HOW TO COMPLETE THIS TASK - Starting from the line with "Удлинитель 4-мест 50м", please copy exactly every line to the end of the listing, but not the pictures.

SUPPLIED DATA -
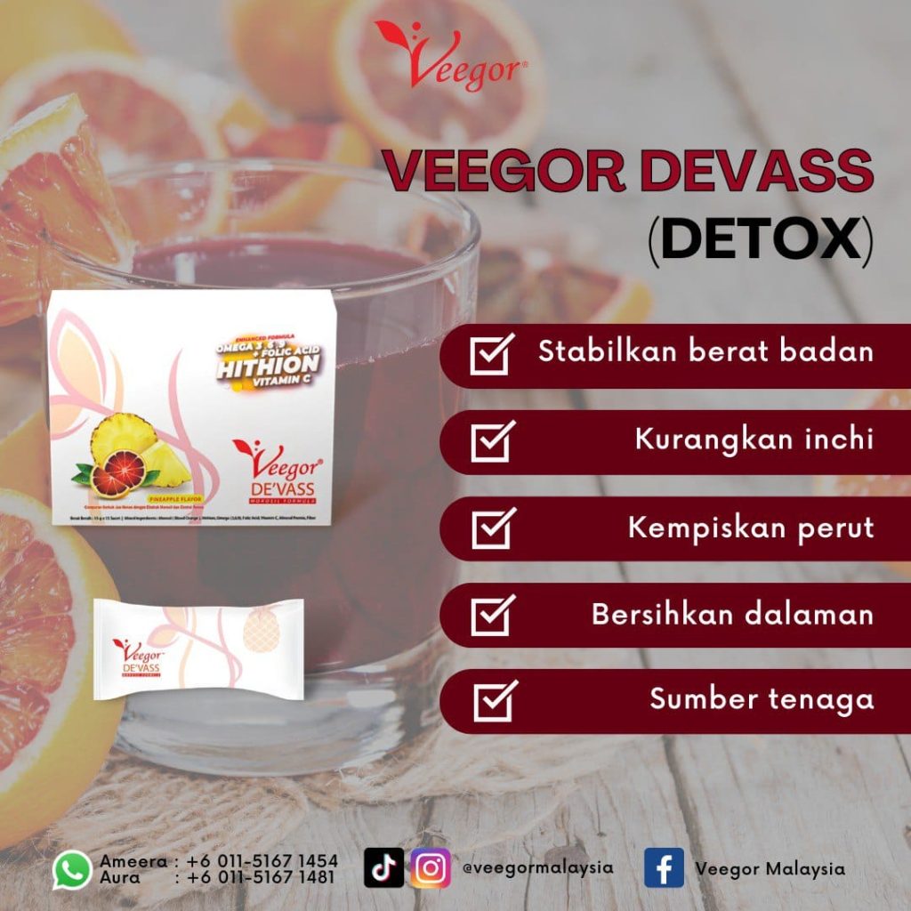 “Selain untuk cegah dan kawal obesiti, Detox Veegor diperkaya dengan tambahan vitamin-vitamin. Kami menawarkan perisa nenas dan oren kerana ia menjadi kesukaan ramai pengguna. Vitamin yang terkandung di dalamnya adalah Omega3,6,9, Vitamin C, Folik Asid, Hithion, Morosil, Mineral Premix, Vitamin Premix.
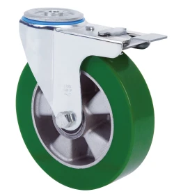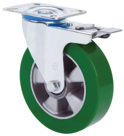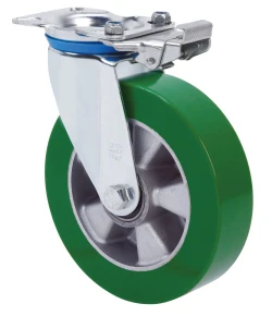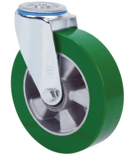 Castors with aluminium centre and green polyurethane tyre with a hardness of 80º Shore A. Especially indicated to support high-loads up to 400 Kg.
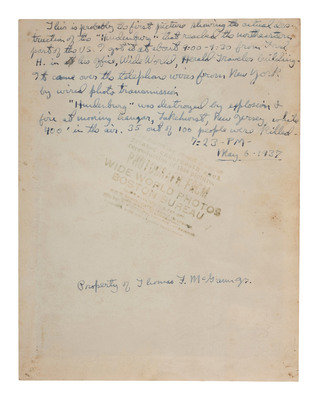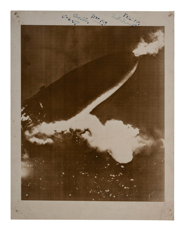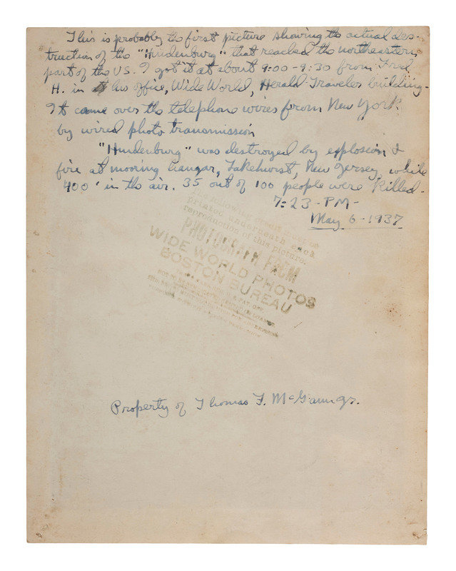 7 x 9 in. silver gelatin print of the explosion of the Hindenberg (Lakehurst, New Jersey, 6 May 1937). With Wide World Photos Boston Bureau backstamp and hand-written annotations on verso. Provenance: Previously owned by Thomas F. McGann.
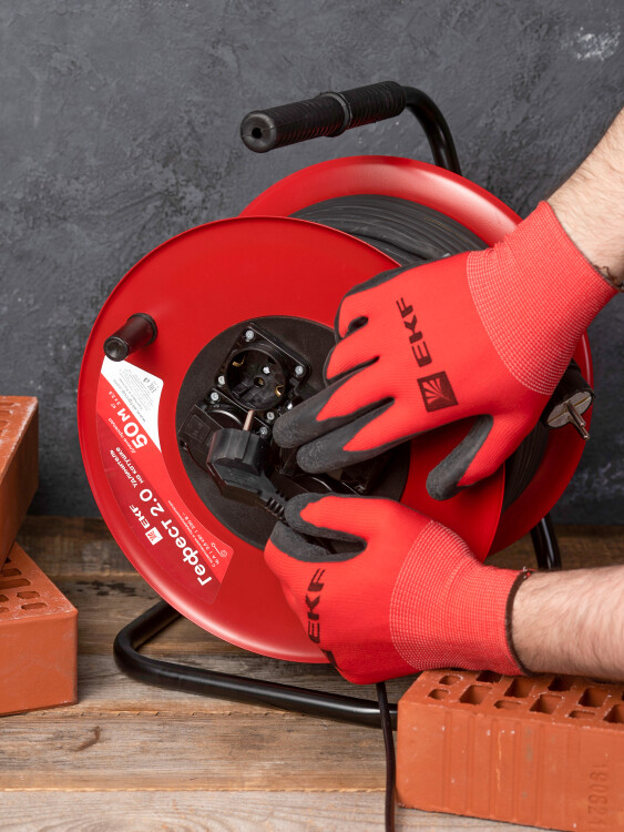Удлинитель 4-мест 50м КГ 3*2,5 красный катушка металл IP44 EKF аналог9887511
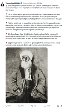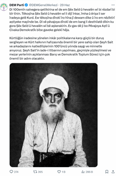 8. DEM Parti, Cumhuriyet'e karşı şeriat isteğiyle isyan başlatmasının ardından 1925'te idam edilen Şeyh Sait için iade-i itibar istedi. DEM Parti açıklamasında, idam edilişinin 100'üncü yıldönümü olan (29 Haziran) hilafet yanlısı gerici Şeyh Sait'in iade-i itibarının "süreç" için çok önemli bir adım olacağı vurgulandı. Açıklamada “Kürtlüğün iradesine yönelen inkâr politikalarına karşı güçlü bir duruş sergileyen ve Kürt halkının hafızasında önemli bir yere sahip olan Şeyh Sait ve arkadaşlarını katledilişlerinin 100’üncü yılında saygı ve minnetle anıyoruz. Şeyh Sait’in iade-i itibarının yapılması, geçmişle yüzleşilmesi ve mezar yerlerinin açıklanması Barış ve Demokratik Toplum Süreci için çok önemli bir adım olacaktır.” dendi. (29 Haziran)
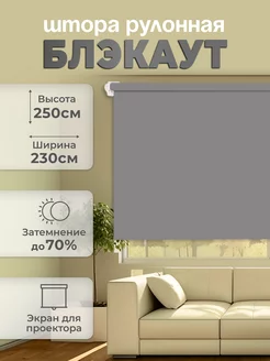 Штора рулонная серая блэкаут 2,5х2,3м
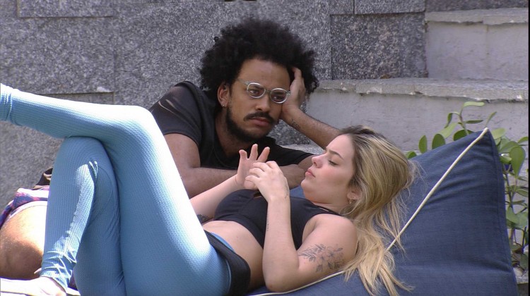 Agora estão apenas Viih Tube e João Luiz conversando no gramado do BBB21, quando a youtuber desabafa: "Eu estou com um sentimento de que, posso estar exagerando, mas eu sinto como se a casa toda fosse se juntar para tirar, não tirar, mas tentar tirar de um em um nossos cinco". O brother concorda e ela segue: "Tipo essa semana vai ser a Juliette o alvo". O brother intervém: "Ou eu".

RESPONSE AREA -
Удлинитель 4-мест 50м КГ 3*2,5 красный катушка металл IP44 EKF аналог9887511
 8. DEM Parti, Cumhuriyet'e karşı şeriat isteğiyle isyan başlatmasının ardından 1925'te idam edilen Şeyh Sait için iade-i itibar istedi. DEM Parti açıklamasında, idam edilişinin 100'üncü yıldönümü olan (29 Haziran) hilafet yanlısı gerici Şeyh Sait'in iade-i itibarının "süreç" için çok önemli bir adım olacağı vurgulandı. Açıklamada “Kürtlüğün iradesine yönelen inkâr politikalarına karşı güçlü bir duruş sergileyen ve Kürt halkının hafızasında önemli bir yere sahip olan Şeyh Sait ve arkadaşlarını katledilişlerinin 100’üncü yılında saygı ve minnetle anıyoruz. Şeyh Sait’in iade-i itibarının yapılması, geçmişle yüzleşilmesi ve mezar yerlerinin açıklanması Barış ve Demokratik Toplum Süreci için çok önemli bir adım olacaktır.” dendi. (29 Haziran)
 Штора рулонная серая блэкаут 2,5х2,3м
 Agora estão apenas Viih Tube e João Luiz conversando no gramado do BBB21, quando a youtuber desabafa: "Eu estou com um sentimento de que, posso estar exagerando, mas eu sinto como se a casa toda fosse se juntar para tirar, não tirar, mas tentar tirar de um em um nossos cinco". O brother concorda e ela segue: "Tipo essa semana vai ser a Juliette o alvo". O brother intervém: "Ou eu".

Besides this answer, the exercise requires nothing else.